Background: After the first year in the Comprehensive Care for Joint Replacement (CJR) model, hospitals must repay Medicare for spending above a target price. Hospitals are incentivized to reduce spending in a 90-day episode and generate internal cost savings through, for example, the use of lower-cost implants.
Methods: We used a Markov model to compare quality-adjusted life-years and lifetime costs of total hip arthroplasty, under Medicare fee-for-service (baseline) and under alternative revision rate assumptions ( prospective CJR scenarios). Results were generated for 65-year-old and 75-year-old male and female Medicare beneficiaries using baseline spending and revision rates from Medicare claims. We estimated the impact of CJR on 90-day spending. We ran sensitivity analyses for revision rates.
Results: Under willingness-to-pay thresholds of $50,000, $100,000, and $150,000, the baseline scenario was more cost-effective than the CJR scenario for a 65-year-old male patient if the revision risk increases by at least 7% (95% confidence interval for CJR savings: 4%-22%), 5% ( range, 3%-7%), or 3% ( range, 1%-5%), respectively. For males aged 75 years and females, revision risk needs to increase by a greater percentage under CJR relative to baseline for Medicare fee-for-service to be more cost-effective.

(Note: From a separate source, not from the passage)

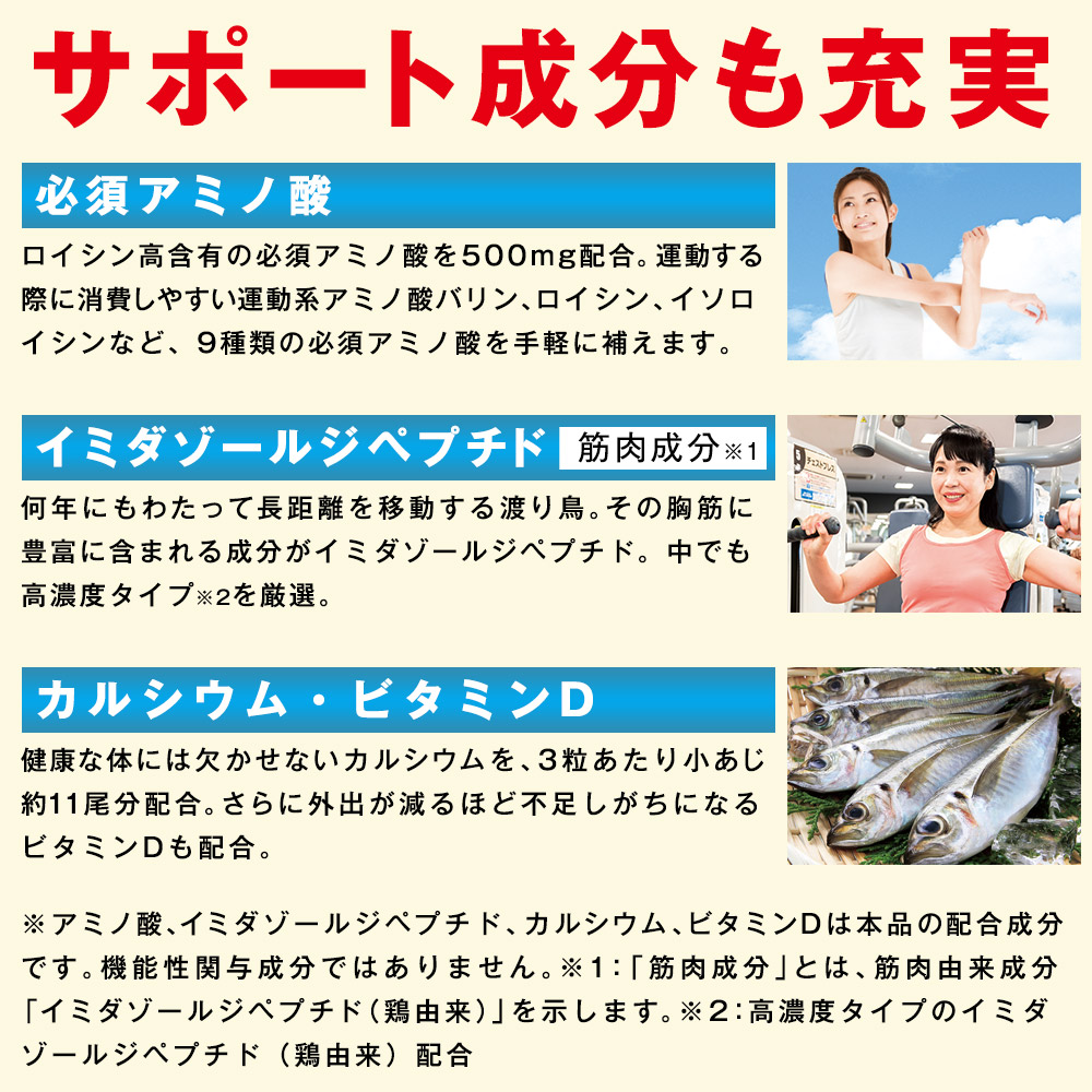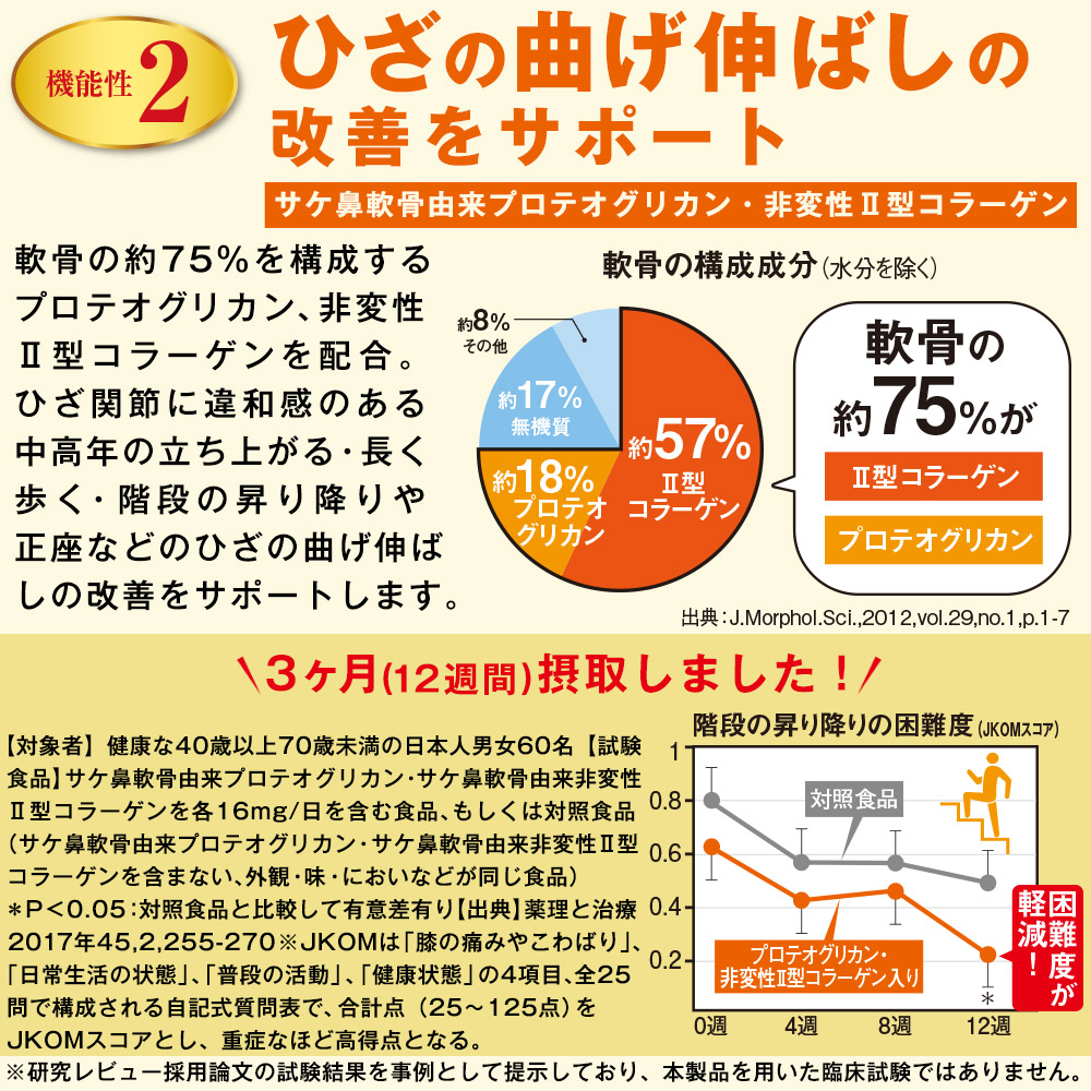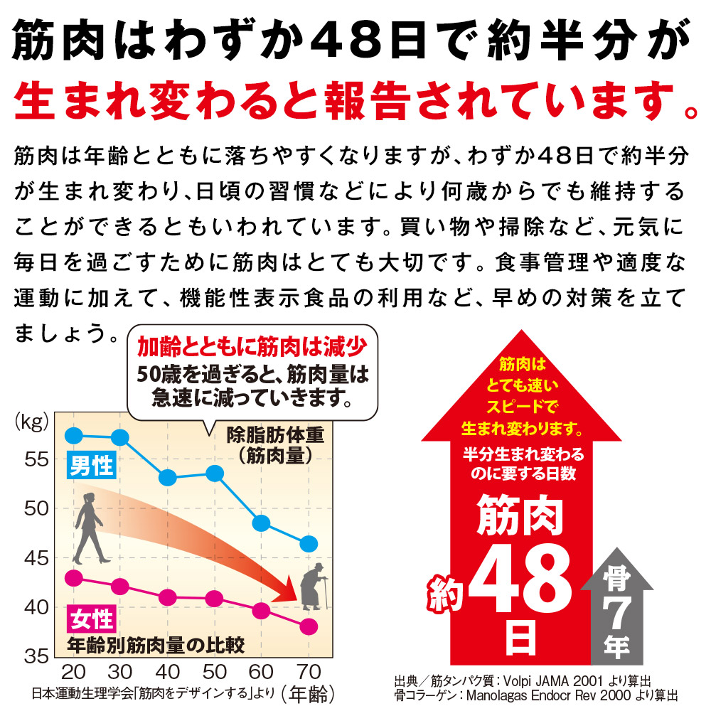 サケ鼻軟骨由来プロテオグリカン・非変性Ⅱ型コラーゲン 軟骨の約75%を構成するプロテオグリカン、非変性Ⅱ型コラーゲンを配合。 ひざ関節に違和感のある中高年の立ち上がる・長く歩く・階段の昇り降りや正座などのひざの曲げ伸ばしの改善をサポートします。 筋肉はわずか48日で約半分が生まれ変わると報告されています。 筋肉は年齢とともに落ちやすくなりますが、わずか48日で約半分が生まれ変わり、日頃の習慣などにより何歳からでも維持することができるともいわれています。 買い物や掃除など、元気に毎日を過ごすために筋肉はとても大切です。 食事管理や適度な運動に加えて、機能性表示食品の利用など、早めの対策を立てましょう。

Conclusion: The CJR model holds great promise. However, it incentivizes hospitals to choose lower-cost implants and adopt newer technology more slowly, which could potentially increase revision rates and offset benefits of the program. Policy makers should monitor revision rates and consider changes to the CJR model to ensure beneficiary access to valuable technology. (C) 2018 Elsevier Inc. All rights reserved.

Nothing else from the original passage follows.